## TASK TO CARRY OUT
In the listing below, locate the line containing "The gorgeous Lucia" and copy it and every line after it through the end, exactly as written, leaving out any pictures.

## DATASET RECORDS

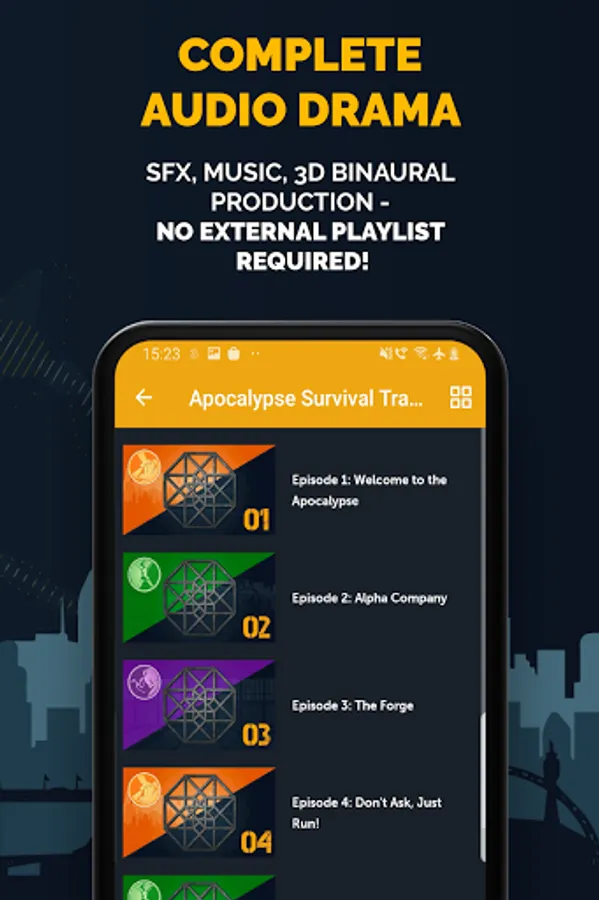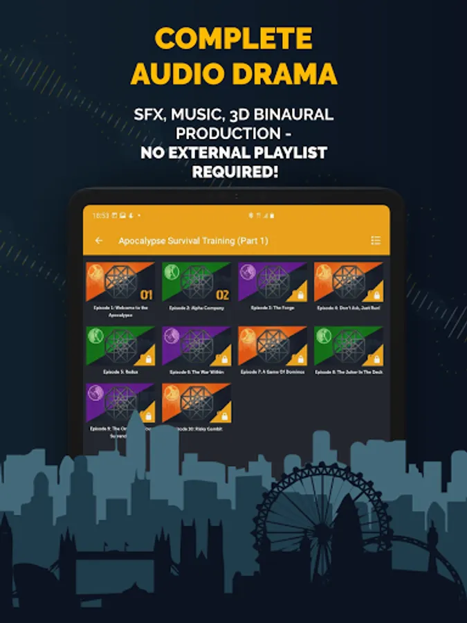 Get active and stay focused on your fitness as you enter a high-stakes fantasy world of alien invasions, time travel, secret organisations, and a dangerous mission, all narrated in a full-cast audio drama. With a continuous storyline, detailed workout instruction, dramatic sound effects and a driving soundtrack all processed into binaural 3D sound, placing you literally in the centre of the action, this is an unparalleled immersive exercise experience.
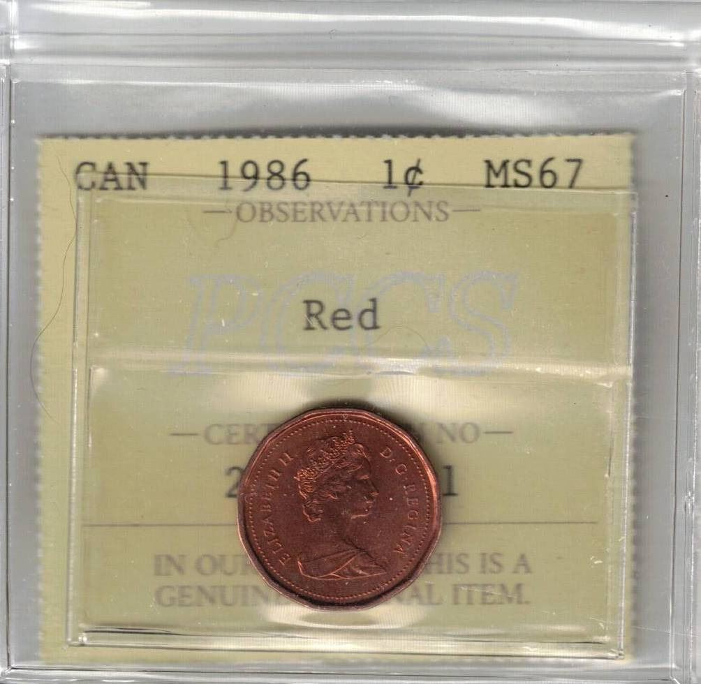 1986 Canada Small Cent MS-67 PCCS (Professional Coin Certification System)
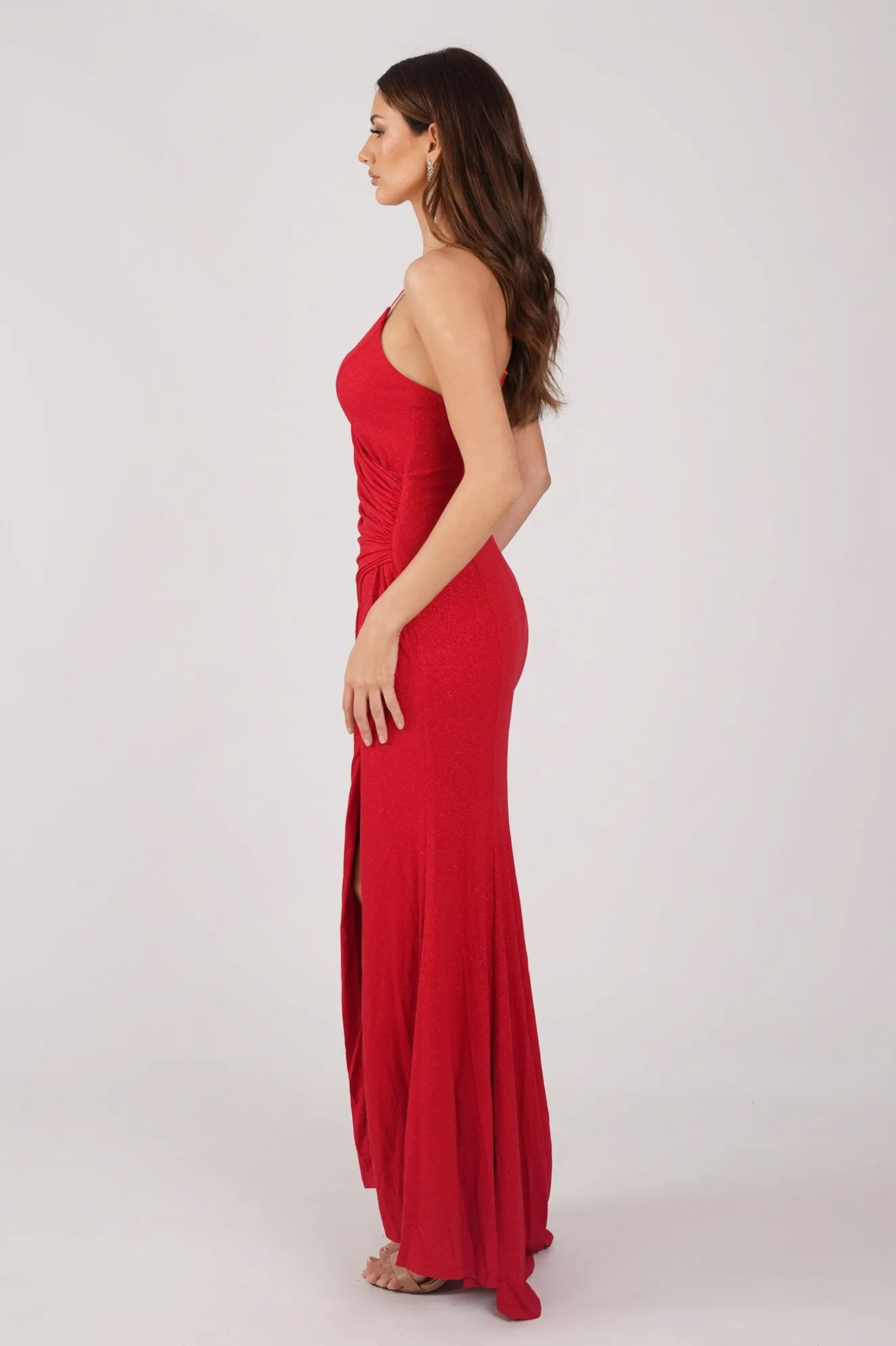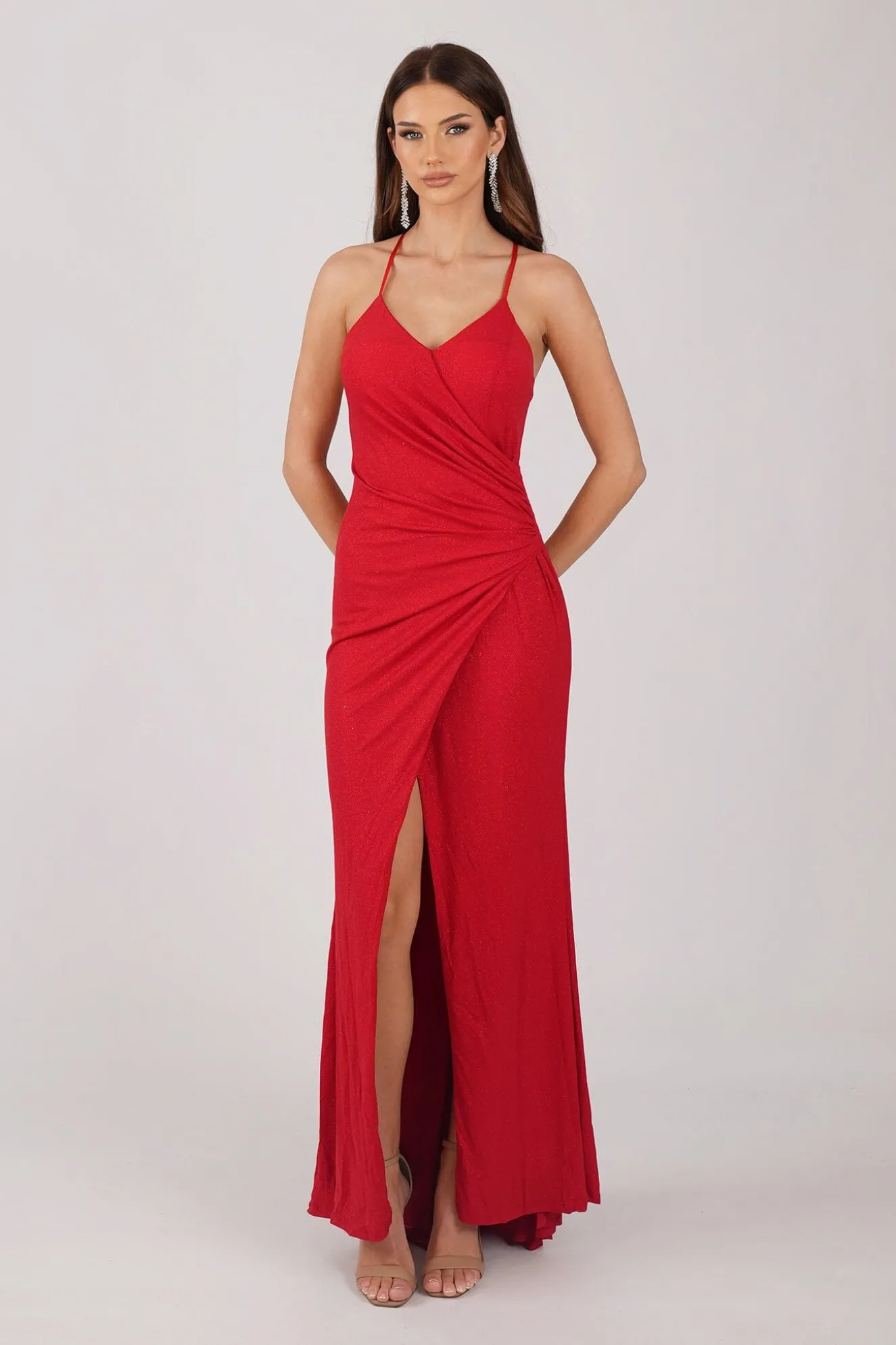 The gorgeous Lucia maxi dress features a classic V neckline, gathered detail, above the knee slit and crisscross open back design. This shimmery maxi dress will stun at any formal event such as prom, gala and black tie events and weddings. Style this fitted evening dress with simple or sparky accessories, heels and clutch to complete the look.
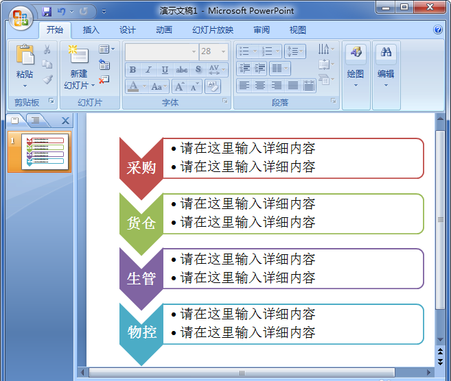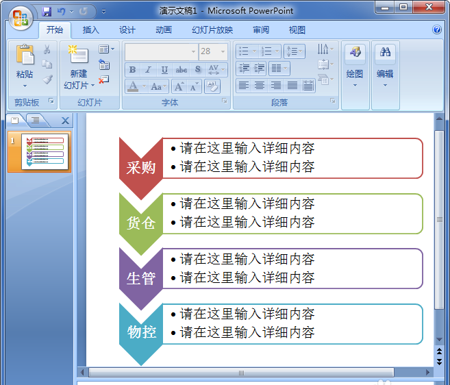 6、最后,分别在每一个图形上输入主标题和内容,标题字体加粗28号填充白色,后面内空的文字默认黑色即可。
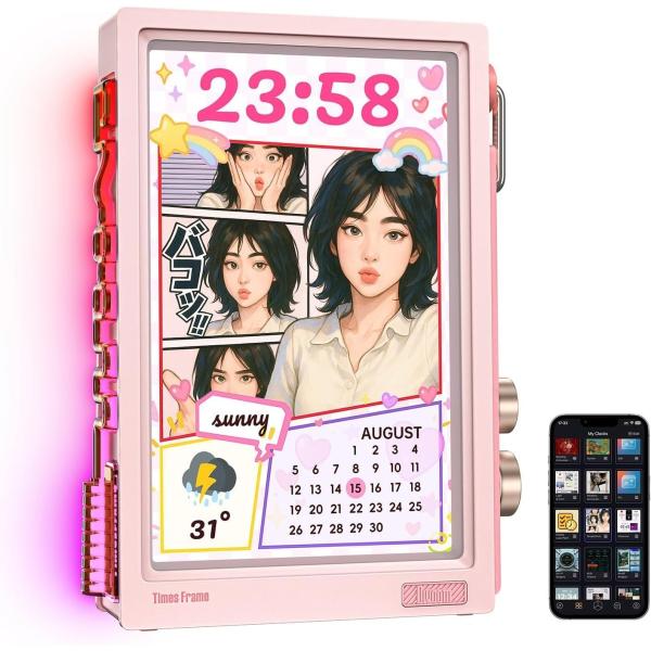 Color:ネオンピンク 【サクサク動作・Wi-Fi6急速アップ】デジタルフォトフレーム Divoom Times Frame 半透明デザイン RGBライト 64GB内蔵 10.1インチ 1080P 専用
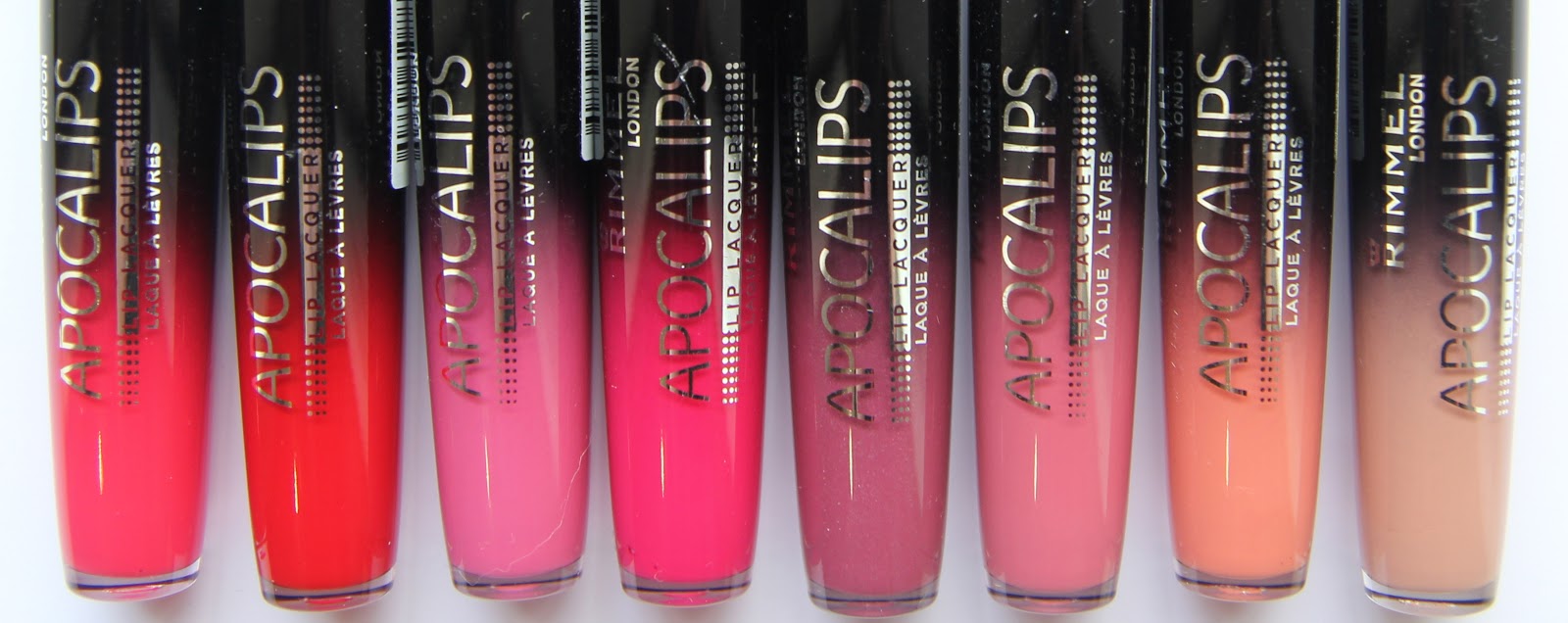 They are Rimmel’s new Apocalips lip laquers. There are 8 colours in the range, from red to nude.

## FINISHED EXERCISE
 The gorgeous Lucia maxi dress features a classic V neckline, gathered detail, above the knee slit and crisscross open back design. This shimmery maxi dress will stun at any formal event such as prom, gala and black tie events and weddings. Style this fitted evening dress with simple or sparky accessories, heels and clutch to complete the look.
 6、最后,分别在每一个图形上输入主标题和内容,标题字体加粗28号填充白色,后面内空的文字默认黑色即可。
 Color:ネオンピンク 【サクサク動作・Wi-Fi6急速アップ】デジタルフォトフレーム Divoom Times Frame 半透明デザイン RGBライト 64GB内蔵 10.1インチ 1080P 専用
 They are Rimmel’s new Apocalips lip laquers. There are 8 colours in the range, from red to nude.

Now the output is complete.